### Activity
Beginning with the line that contains "當日,非洲河馬菲菲在廣州長(cháng)", copy each subsequent line of the data below through the last one, including both ends but not the pictures.

### Dataset entries

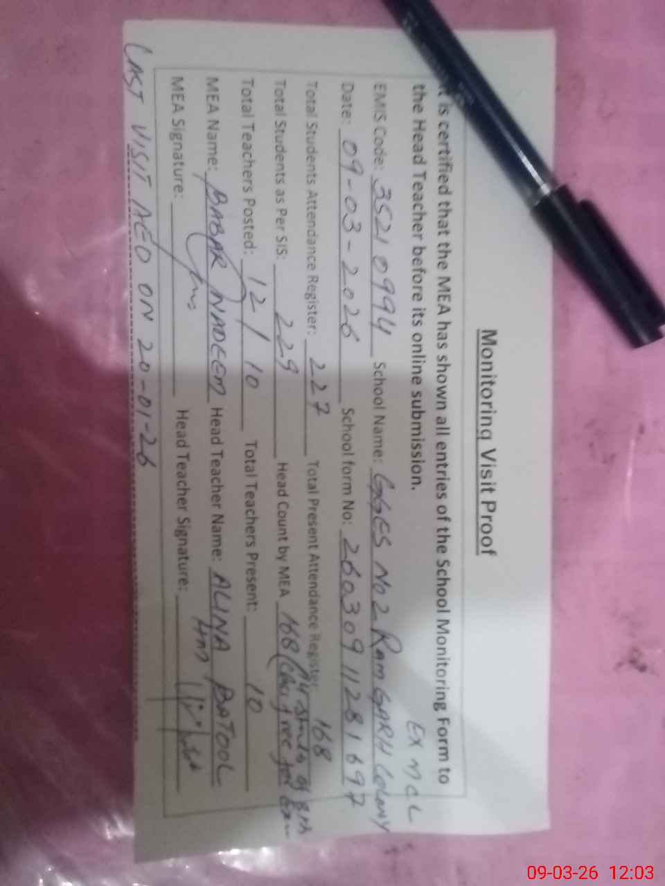 | Attendance Register | Head Teacher | MEA with School | Visit Proof |
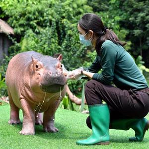 當日,非洲河馬菲菲在廣州長(cháng)隆野生動(dòng)物世界迎來(lái)兩周歲生日。菲菲是長(cháng)隆人工育幼長(cháng)大的雌性河馬寶寶,目前體重超過(guò)200公斤。
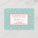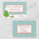 NewParkLane - Business gift certificate, featuring a cute little decorated Christmas tree illustration with snow on top, against an aqua green snowy background. The texts are in a fun handwritten font in red with cute little hearts as dots on the letter i.
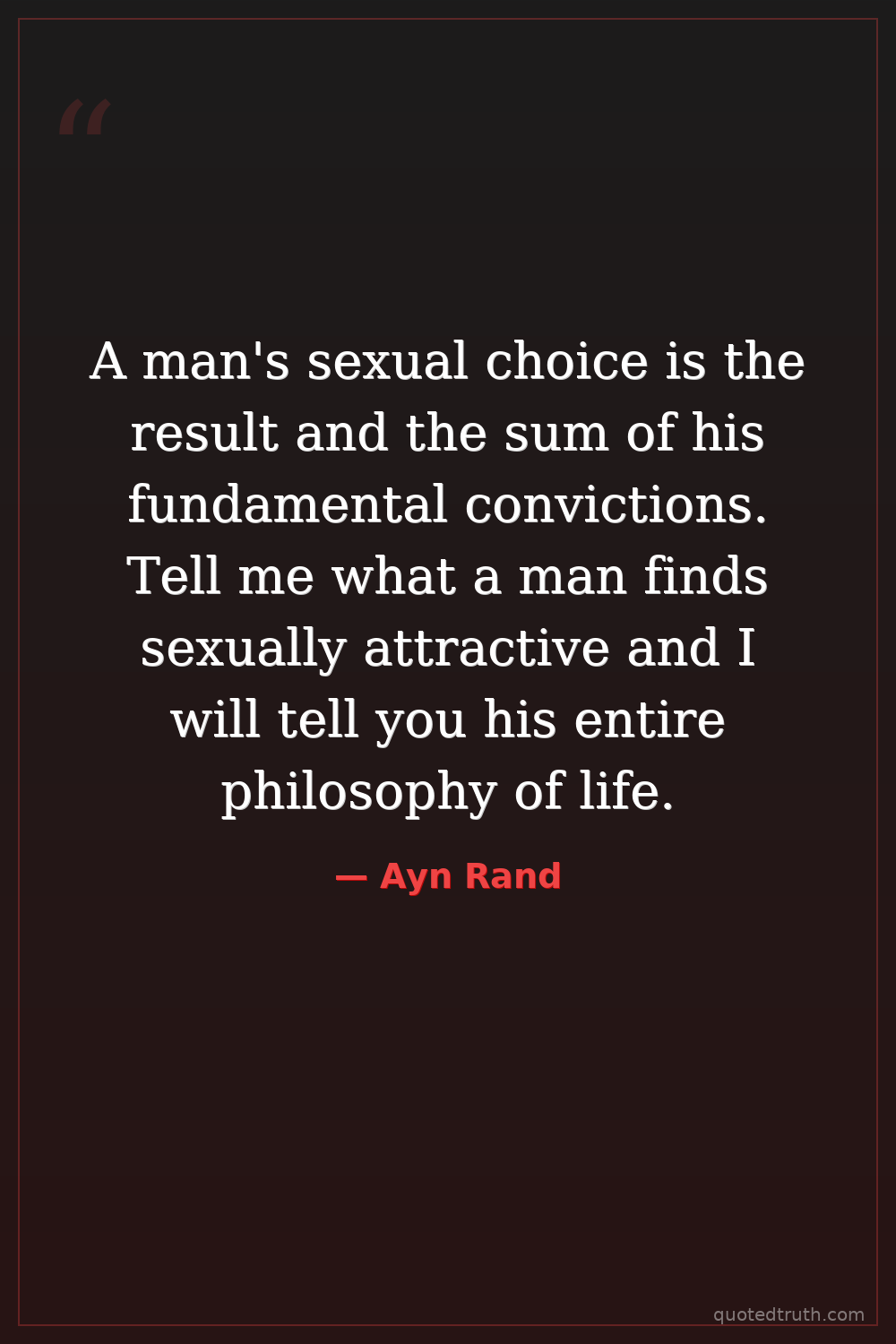 A man's sexual choice is the result and the sum of his fundamental convictions. Tell me what a man finds sexually attractive and I will tell you his entire philosophy of life.
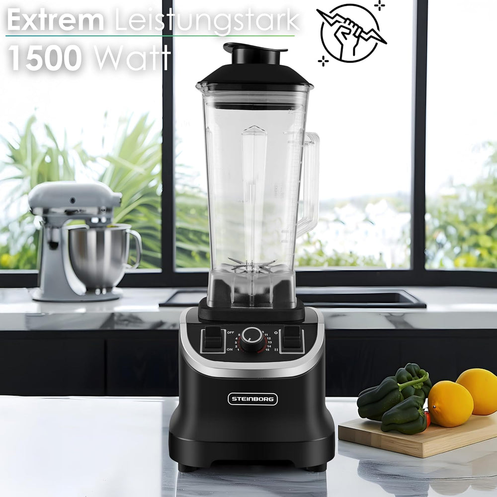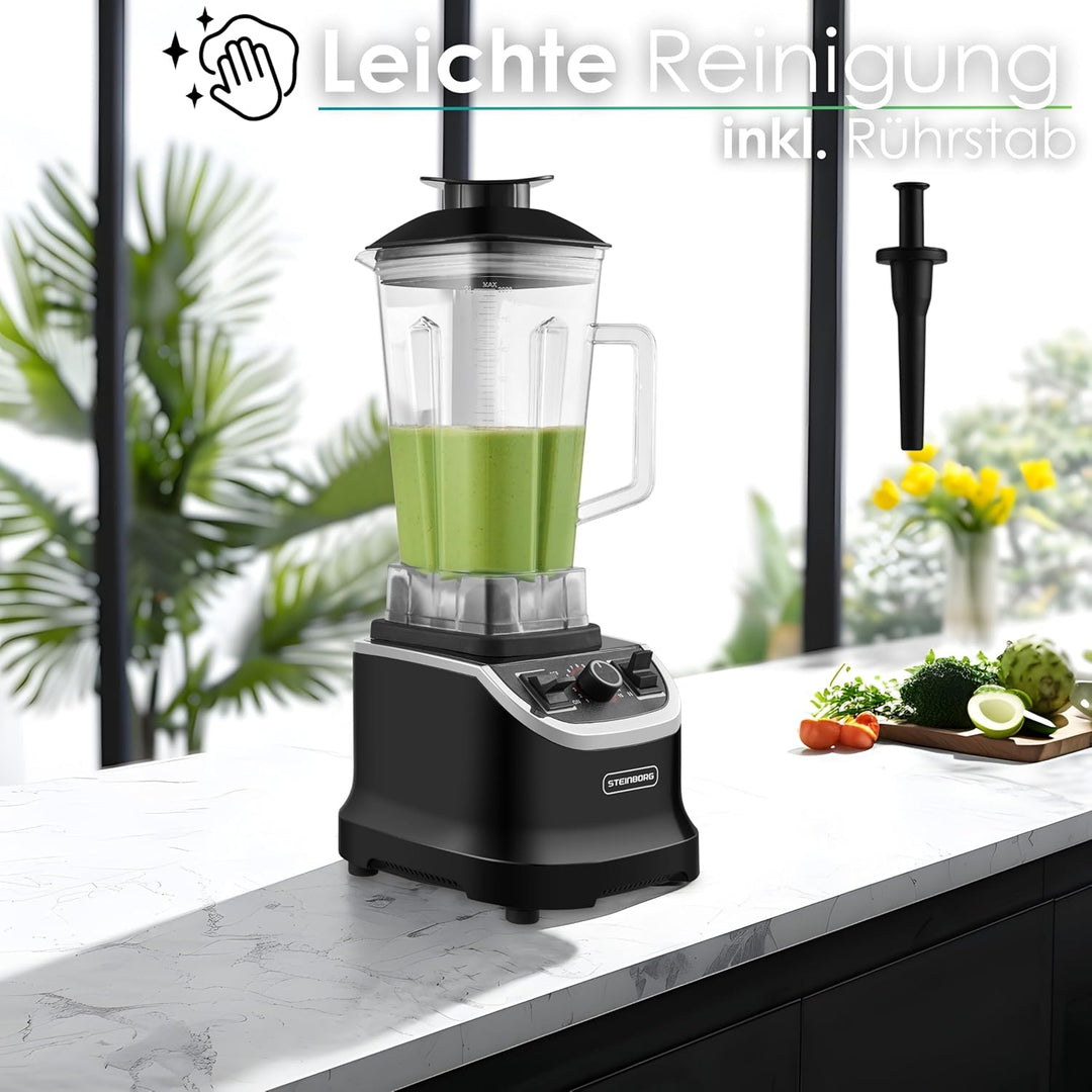 - ✔️ Highlights: Leistung: 1500 Watt Motor: 9535 Vollkupfer-Motor mit Thermostat Mixbehälter: 2 Liter, Tritan-Material (BPA-frei) Klingen: 6-Blatt-Design, 304 Edelstahl Sicherheitsmerkmale: Sicherheitsschalter, Überlastschutz Zubehör: Rührstab

### Reply to the exercise
 當日,非洲河馬菲菲在廣州長(cháng)隆野生動(dòng)物世界迎來(lái)兩周歲生日。菲菲是長(cháng)隆人工育幼長(cháng)大的雌性河馬寶寶,目前體重超過(guò)200公斤。
 NewParkLane - Business gift certificate, featuring a cute little decorated Christmas tree illustration with snow on top, against an aqua green snowy background. The texts are in a fun handwritten font in red with cute little hearts as dots on the letter i.
 A man's sexual choice is the result and the sum of his fundamental convictions. Tell me what a man finds sexually attractive and I will tell you his entire philosophy of life.
 - ✔️ Highlights: Leistung: 1500 Watt Motor: 9535 Vollkupfer-Motor mit Thermostat Mixbehälter: 2 Liter, Tritan-Material (BPA-frei) Klingen: 6-Blatt-Design, 304 Edelstahl Sicherheitsmerkmale: Sicherheitsschalter, Überlastschutz Zubehör: Rührstab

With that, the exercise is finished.